I think you are right about this, you’ve changed my mind (toward greater uncertainty).
This seems to depend on a conjunction of several strong assumptions: (1) AI alignment is basically easy; (2) there will be a slow takeoff; (3) the people running AI companies are open to persuasion, and “make AI safety seem cool” is the best kind of persuasion.
But then again I don’t think pause protests are going to work, I’m just trying to pick whichever bad plan seems the least bad.
2. I agree I’m assuming there will be a slow takeoff (operationalized as let’s say a ~one year period where GPT-integer-increment-level-changes happen on a scale of months, before any such period where they happen on a scale of days).
3. AI companies being open to persuasion seems kind of trivial to me. They already have alignment teams. They already (I assume) have budget meetings where they discuss how many resources these teams should get. I’m just imagining inputs into this regular process. I agree that issues around politics could be a lesser vs. greater input.

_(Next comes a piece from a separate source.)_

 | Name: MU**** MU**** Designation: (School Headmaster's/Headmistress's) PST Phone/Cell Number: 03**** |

1. I wouldn’t frame this as alignment is easy/hard, so much as “alignment is more refractory to 10,000 copies of GPT-6 working for a subjective century” vs. “alignment is more refractory to one genius, not working at a lab, coming up with a new paradigm using only current or slightly-above-current AIs as model organisms, in a sense where we get one roll at this per calendar year”.
Not to tell you what to do, but I’d love to see a longer ACX post making these arguments Scott :). Seems like it could be rich seed for discussion; almost all the writing I’ve seen in rationalist spaces around these issues has been anti-build-goodwill/influence-from-within, and I think your counterpoints here are strong
Great comment. However, lots of people concerned with safety have quit OpenAI. Wouldn’t you expect them to continue working at OpenAI if they thought your argument was correct?

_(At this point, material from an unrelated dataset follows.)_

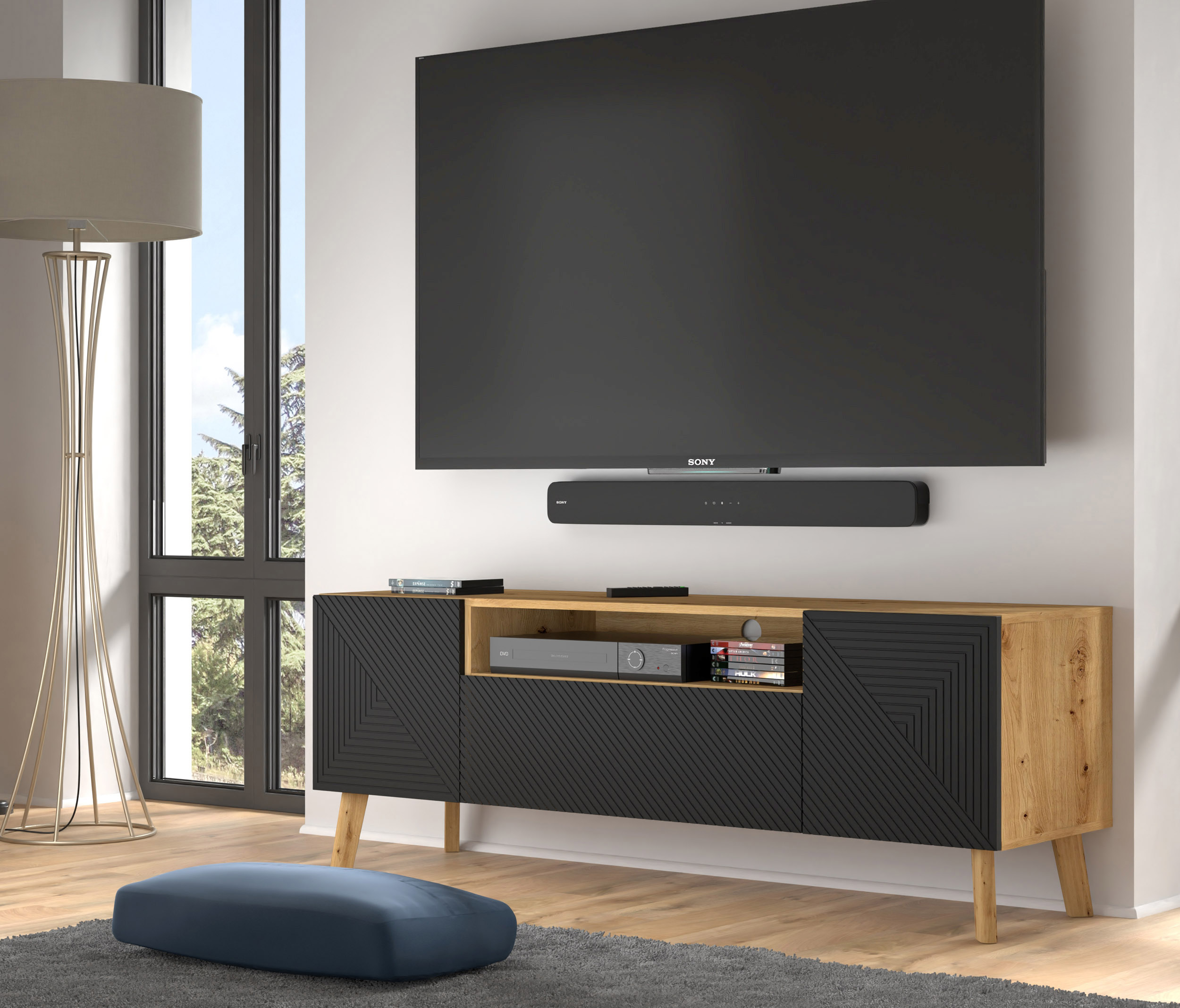 Projektując model Luxi, położono ogromny nacisk na ergonomię i porządek. W centralnej części mebla znajdują się dwie otwarte półki, idealne na konsolę, dekoder czy odtwarzacz. Fabryczne otwory na kable pozwalają na dyskretne wyprowadzenie przewodów, eliminując nieestetyczny chaos za urządzeniami. Po bokach oraz w sekcjach dolnych ukryto cztery zamykane schowki. Brak klasycznych uchwytów to ukłon w stronę minimalizmu – fronty otwierają się po delikatnym naciśnięciu dzięki innowacyjnemu systemowi push to open, co sprawia, że powierzchnia mebla pozostaje idealnie gładka i nowoczesna.

BTW, there might be ways to achieve slowdown through methods other than traditional activism. This could buy valuable time for alignment work without hurting the “AI alignment” brand. For example:
Commoditize LLMs to reduce the incentive for large training runs
Point out to NVidia AI is on track to kill their company
(I encourage people to signal boost these ideas if they seem good. No attribution necessary.)